Thursday, May 13, 2010

The San Luis Obispo County civil grand jury said 60 employees were the focus of performance investigation

San Luis Obispo County workers on leave made $519,460

The county paid more than half a million dollars to 60 employees who were on leave while their work performances were being investigated over a nearly three-year period, according to a civil grand jury report.

The grand jury did not criticize the payouts, which were tucked into the body of a report that evaluated employee discipline procedures.

“Half a million dollars is a lot of money, but less than one-tenth of 1 percent of the county’s cost of operation during the period,” which ran from Jan. 1, 2007, to Oct. 31, 2009, the report said. The actual paid leave figure is $519,460.



The grand jury wrote that the average administrative leave lasted 31 workdays. Because of personnel confidentiality rules, it did not name people who were placed on leave.

However, in a case that became public in 2009, Assistant County Administrator Gail Wilcox was placed on paid administrative leave between May 7 and July 15, when she was fired. The dollar figure for her leave was not available.

Wilcox lost her job for an inappropriate relationship with a labor negotiator for a union with whom she was negotiating as the management representative.

Two Public Works Department employees, Randy Ghezzi and Max Keller, received more than $41,000 in salary while on leave for approximately three months over the summer.

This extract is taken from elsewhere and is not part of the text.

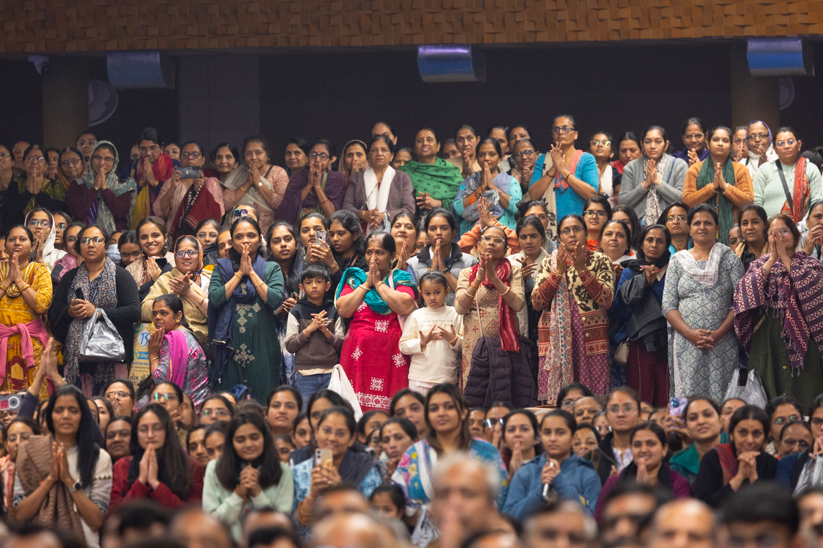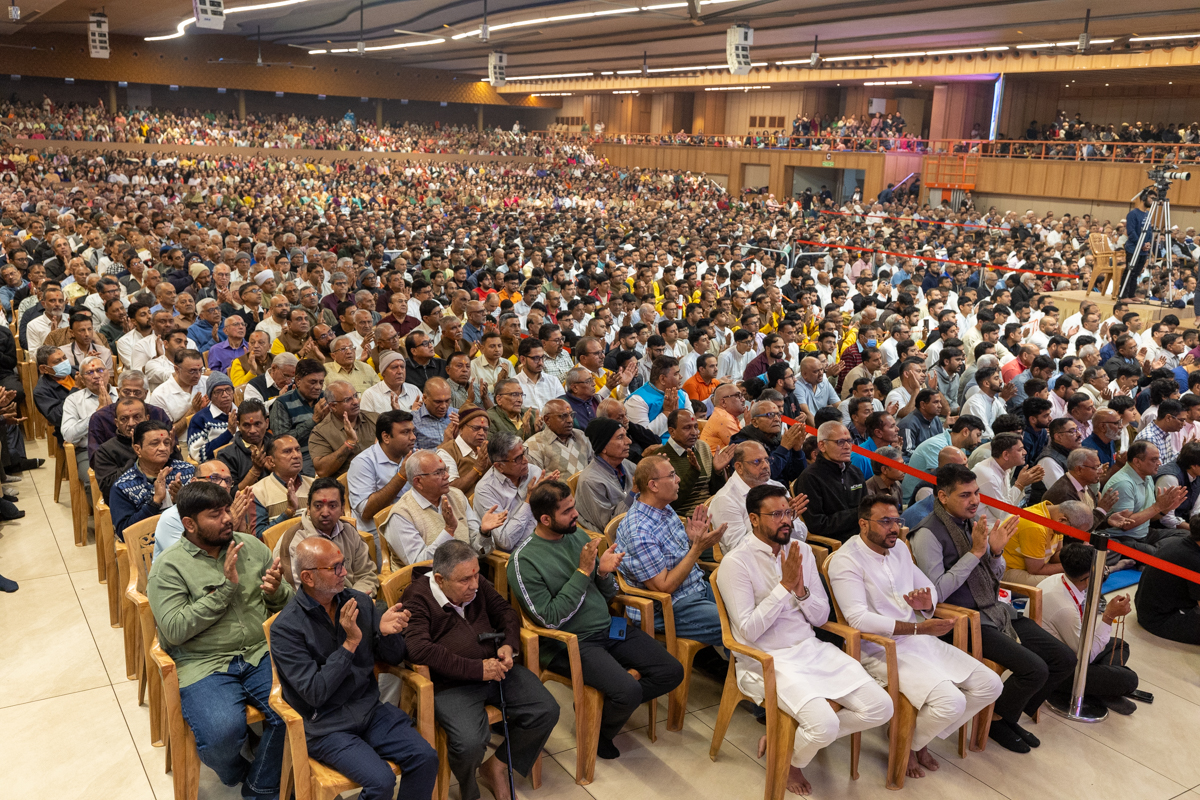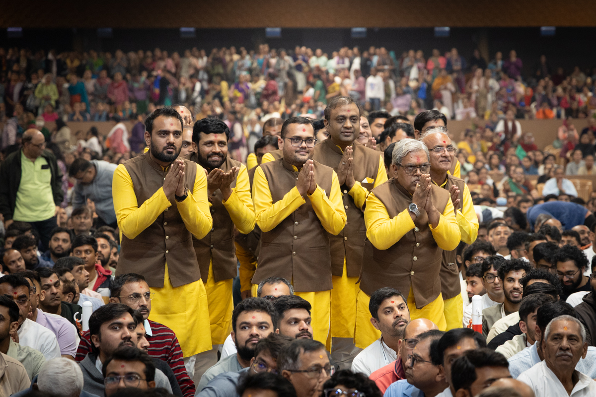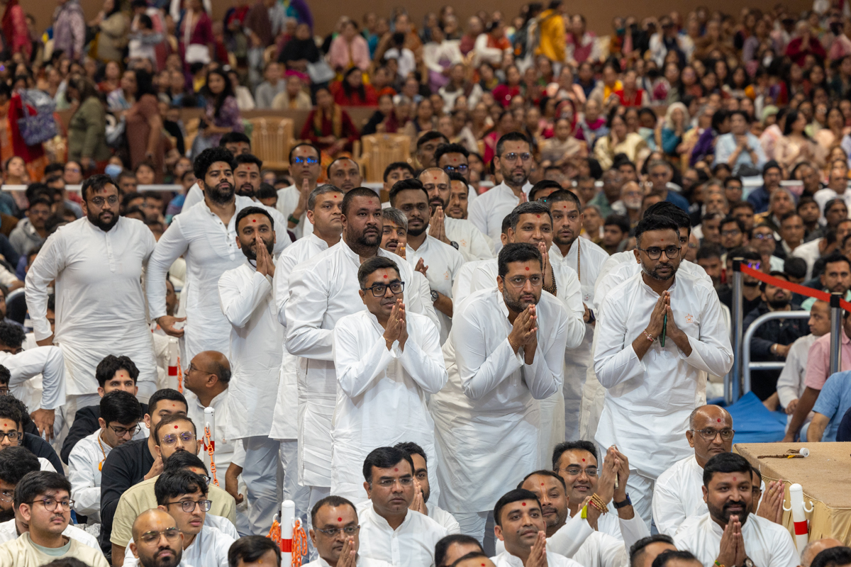 Pujya Ishwarcharan Swami, swamis and devotees doing darshan of Swamishri

Citing privacy laws, the county never revealed why the two men were on leave, although there was no shortage of unattributed rumors about it. Ghezzi later left the county, and Keller took a different job at lower pay.

The grand jury report was not about the cost of paid administrative leave, which grand jurors downplayed. Rather, it explored the county’s discipline system in general and found it “appropriate.”

It delineated a series of “progressive discipline steps up to and including being fired. During the 34-month period it examined, 42 employees were disciplined; of those, 19 resigned, retired or were fired.

In one of its few recommendations, the grand jury suggested that the county increase its training of managers.

Supervisors “occasionally fail either to notice or to document employee behavior that falls short,” the grand jury wrote.

It cited three cases in which employees were marked satisfactory, “when subsequent investigation revealed that the behavior had been unacceptable.”

Grand jurors said they did not know whether this was due to an oversight by the supervisor, a failure to document inadequacies, “the supervisor did not have the courage or the skill to provide the employee with honest feedback,” or some other reason.